> _Problem to work on_
Transcribe only the lines in the data below falling between the line with "WordPressの管理画面が表示されます。" and the line with "Viên giặt xả", including those two lines, and leave out any picture.

> _Task data_
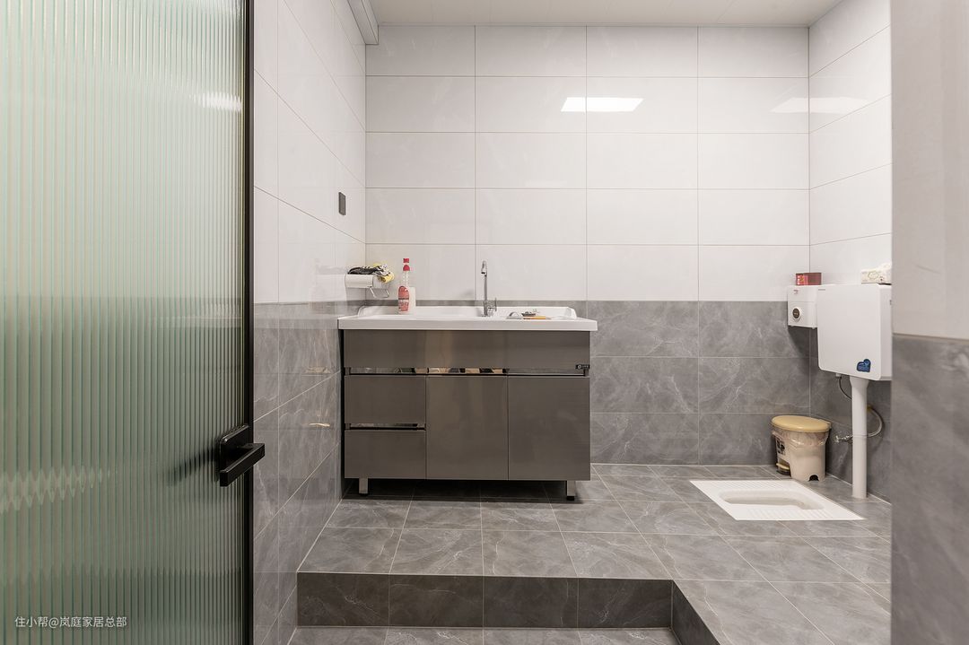公卫的空间较大,也加入了家政间的功能,是L型的布局,一侧装浴柜,角落里反而选择了蹲便器,右侧则是放置了洗烘一体机,有效利用空间。
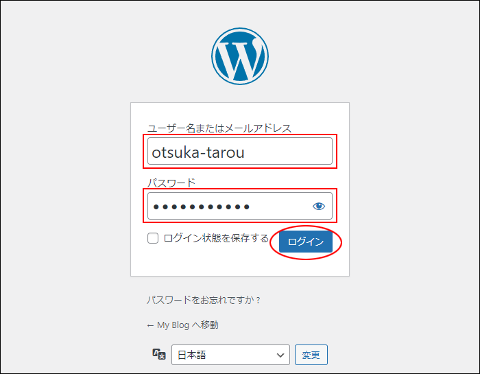 WordPressの管理画面が表示されます。
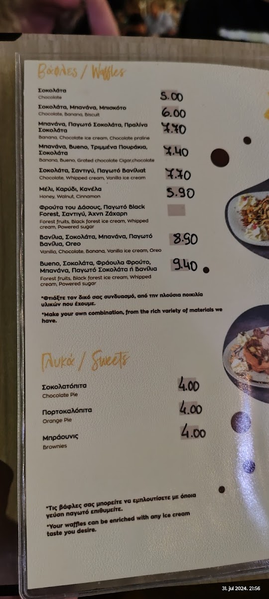 Δημιουργήστε τη δική σας βάφλα με τα αγαπημένα σας υλικά. Η τελική τιμή του προϊόντος θα καθοριστεί βάσει των επιλογών σας
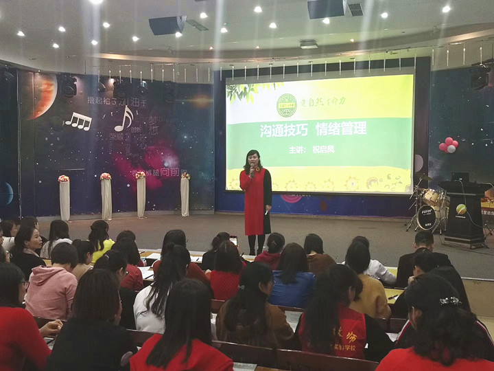 承諾儀式結(jié)束后,學(xué)?!皩W(xué)生發(fā)展中心”祝啟鳳主任還結(jié)合學(xué)生成長(zhǎng)過(guò)程中出現(xiàn)的問(wèn)題與困惑,以及家庭教育與學(xué)校相結(jié)合過(guò)程中出現(xiàn)的具體案例,對(duì)老師們開展了《教師情緒管理與溝通技巧》培訓(xùn)。在培訓(xùn)過(guò)程中,老師們認(rèn)真傾聽,積極思考,謙虛求問(wèn),不僅以換位思考的角度,理解了孩子和家長(zhǎng)們的心聲,同時(shí)也學(xué)習(xí)了如何從“積極教育”和“積極心理”的層面及時(shí)進(jìn)行自我情緒調(diào)節(jié);如何對(duì)學(xué)生進(jìn)行正面教育和積極心理疏導(dǎo)的知識(shí)和技巧。
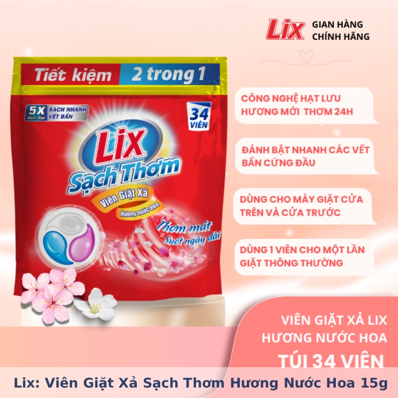 Viên giặt xả Lix – Giặt sạch vượt trội, hương thơm chuẩn nước hoa, cho quần áo luôn tinh tươm và quyến rũ.
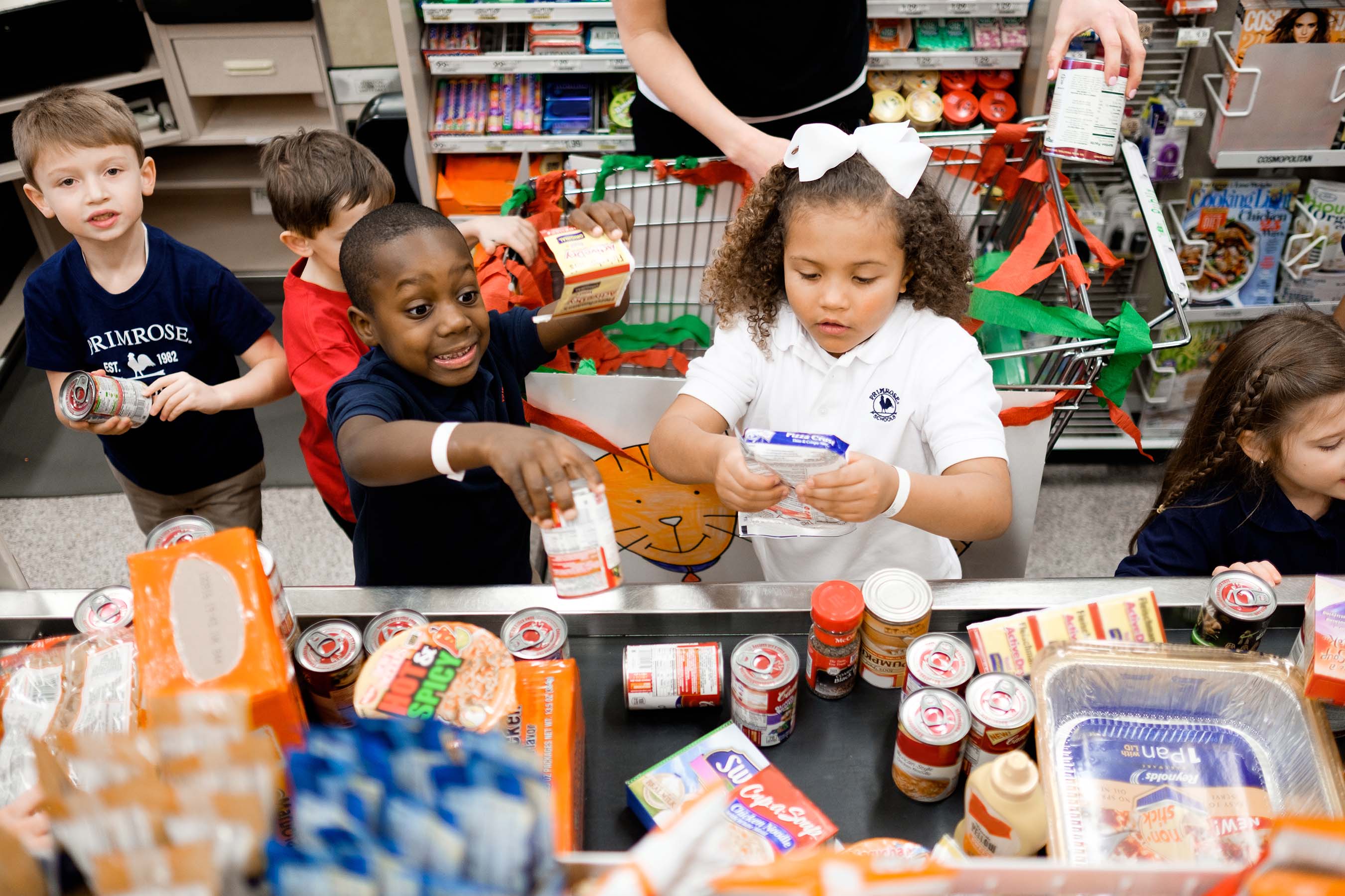 This month, thousands of pre-K and kindergarten children at more than 325 Primrose schools across the country are taking part in the annual Caring and Giving Food Drive. During the activity, children are asked to earn money through chores at home. They bring their donations to the classroom where they develop a budget and shopping list for healthy food items. Teachers model good citizenship and emphasize the importance of compassion through songs and books about sharing and giving to others. Then the children take field trips to grocery stores to shop for the food items, which are donated to local charities and distributed to those in need. By taking part in the act of giving, from earning the money for canned goods to planning healthy foods to purchase and shopping for the items, children learn the joy of giving firsthand.
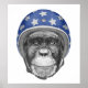 Ce dessin présente le portrait d'un chimpanzé dans un casque de moto patriotique.
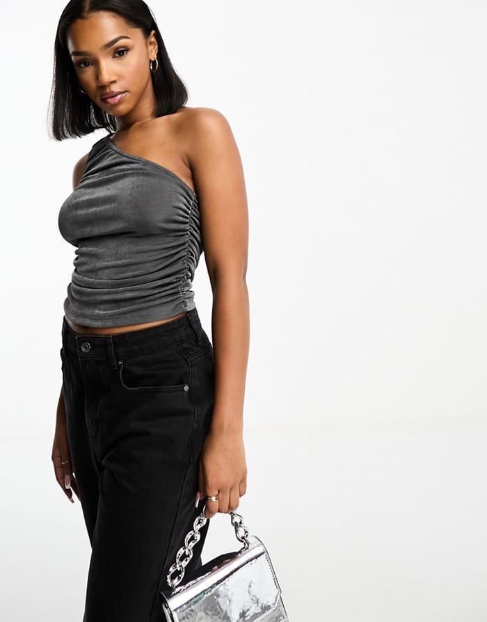 ТОП PIECES GREY В РОБРИЦЮ, ОДНЕ ПЛЕЧЕ (L)
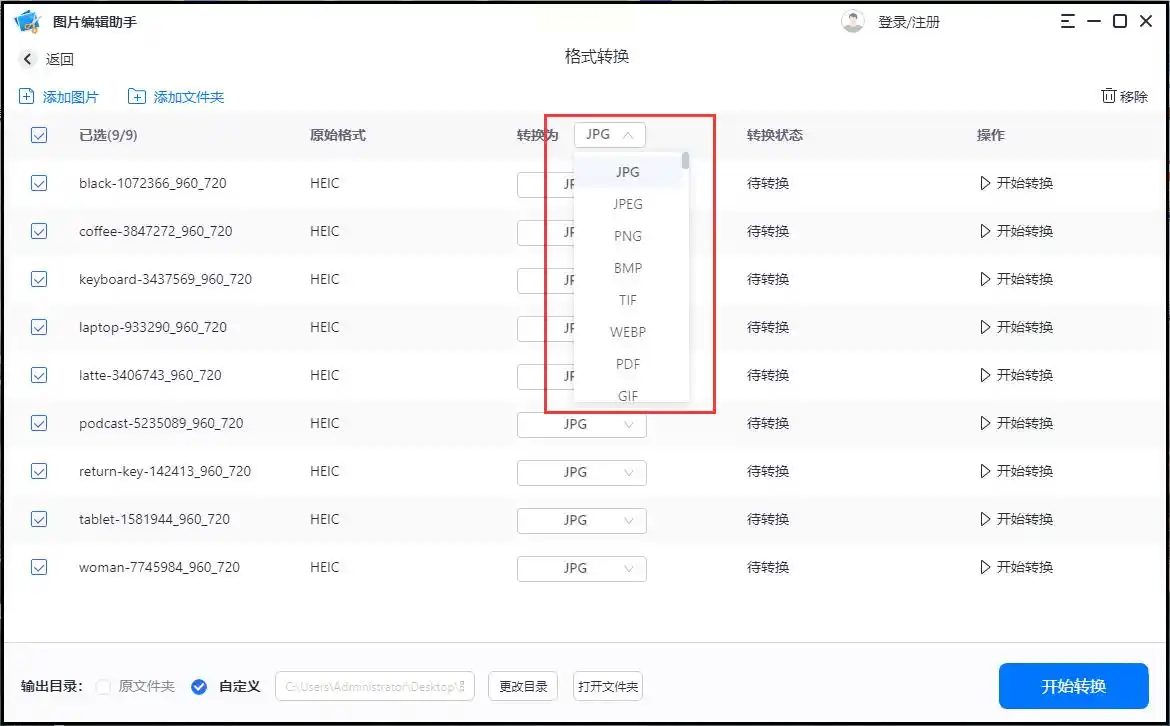 步骤二:在界面下方找到输出格式区域,从列表中选择“JPG”格式。如果你需要对某张图片进行精细调整,可以双击列表中的该图片缩略图。
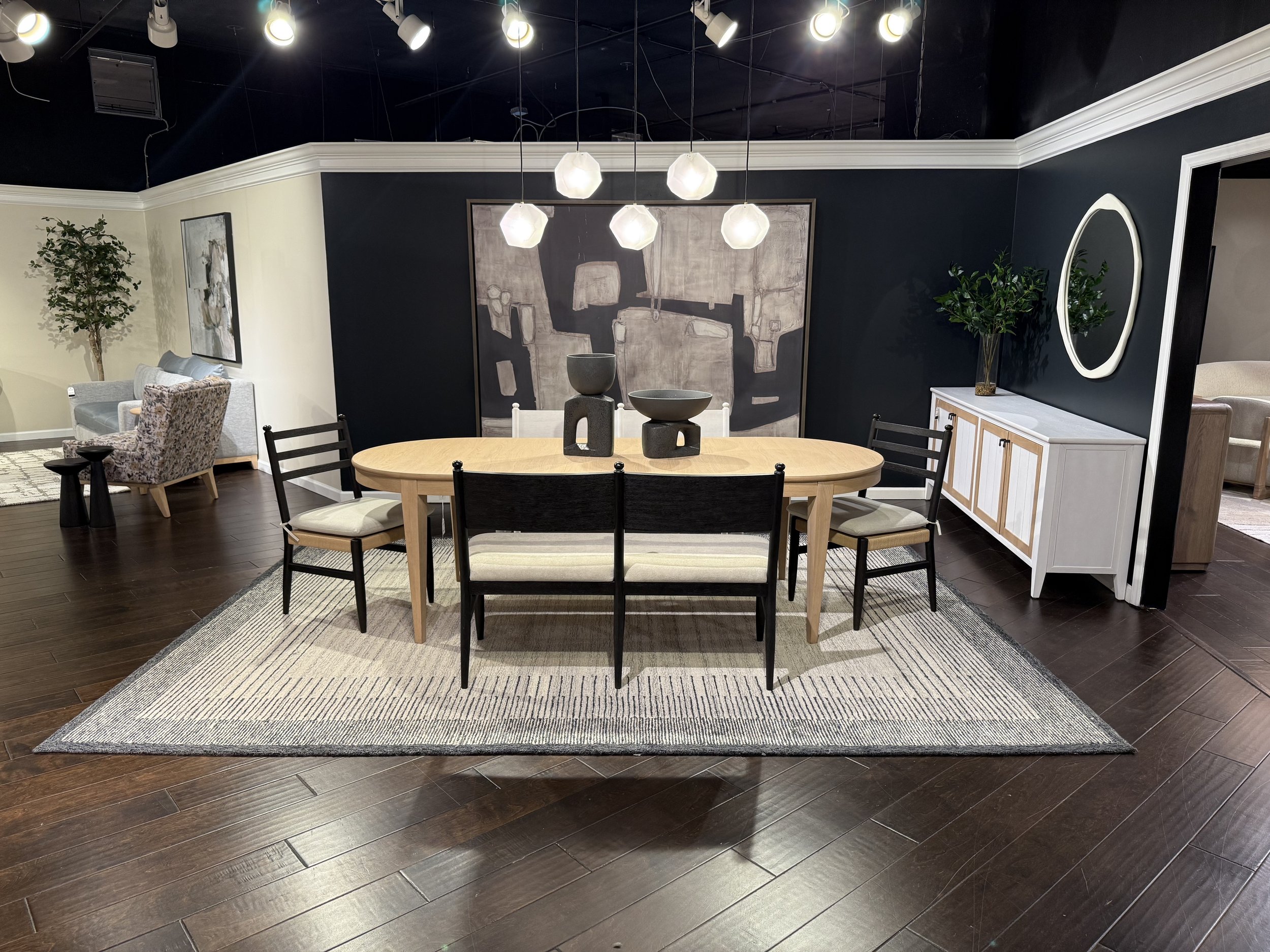 This ongoing work at High Point Furniture Market includes the design and remerchandising of approximately 50,000 square feet of showroom space for Bernards and Bauhaus. Each market required a complete showroom flip, with new layouts, vignettes, and accessory styling for every installation. For many markets, I led the project, overseeing full space planning, accessory procurement, and invoice tracking from start to finish.
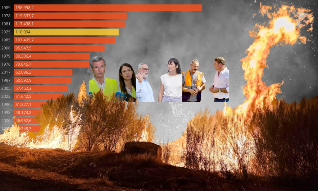 As máis de 110.000 hectáreas que suman os incendios comunicados pola Xunta xa fan que 2025 substitúa a 2006 como o ano con máis monte ardido dende a catastrófica vaga que desbordou o Goberno de Laxe
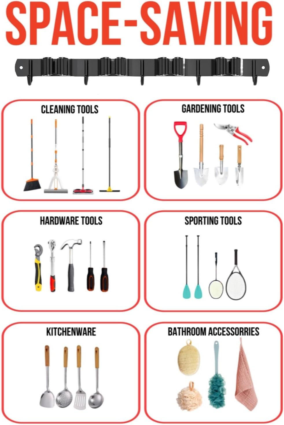 - VERSATILE STORAGE: Each holder features multiple slots and hooks to securely grip handles of different sizes for brooms, mops, rakes, and other tools

> _Response area_
 WordPressの管理画面が表示されます。
 Δημιουργήστε τη δική σας βάφλα με τα αγαπημένα σας υλικά. Η τελική τιμή του προϊόντος θα καθοριστεί βάσει των επιλογών σας
 承諾儀式結(jié)束后,學(xué)?!皩W(xué)生發(fā)展中心”祝啟鳳主任還結(jié)合學(xué)生成長(zhǎng)過(guò)程中出現(xiàn)的問(wèn)題與困惑,以及家庭教育與學(xué)校相結(jié)合過(guò)程中出現(xiàn)的具體案例,對(duì)老師們開展了《教師情緒管理與溝通技巧》培訓(xùn)。在培訓(xùn)過(guò)程中,老師們認(rèn)真傾聽,積極思考,謙虛求問(wèn),不僅以換位思考的角度,理解了孩子和家長(zhǎng)們的心聲,同時(shí)也學(xué)習(xí)了如何從“積極教育”和“積極心理”的層面及時(shí)進(jìn)行自我情緒調(diào)節(jié);如何對(duì)學(xué)生進(jìn)行正面教育和積極心理疏導(dǎo)的知識(shí)和技巧。
 Viên giặt xả Lix – Giặt sạch vượt trội, hương thơm chuẩn nước hoa, cho quần áo luôn tinh tươm và quyến rũ.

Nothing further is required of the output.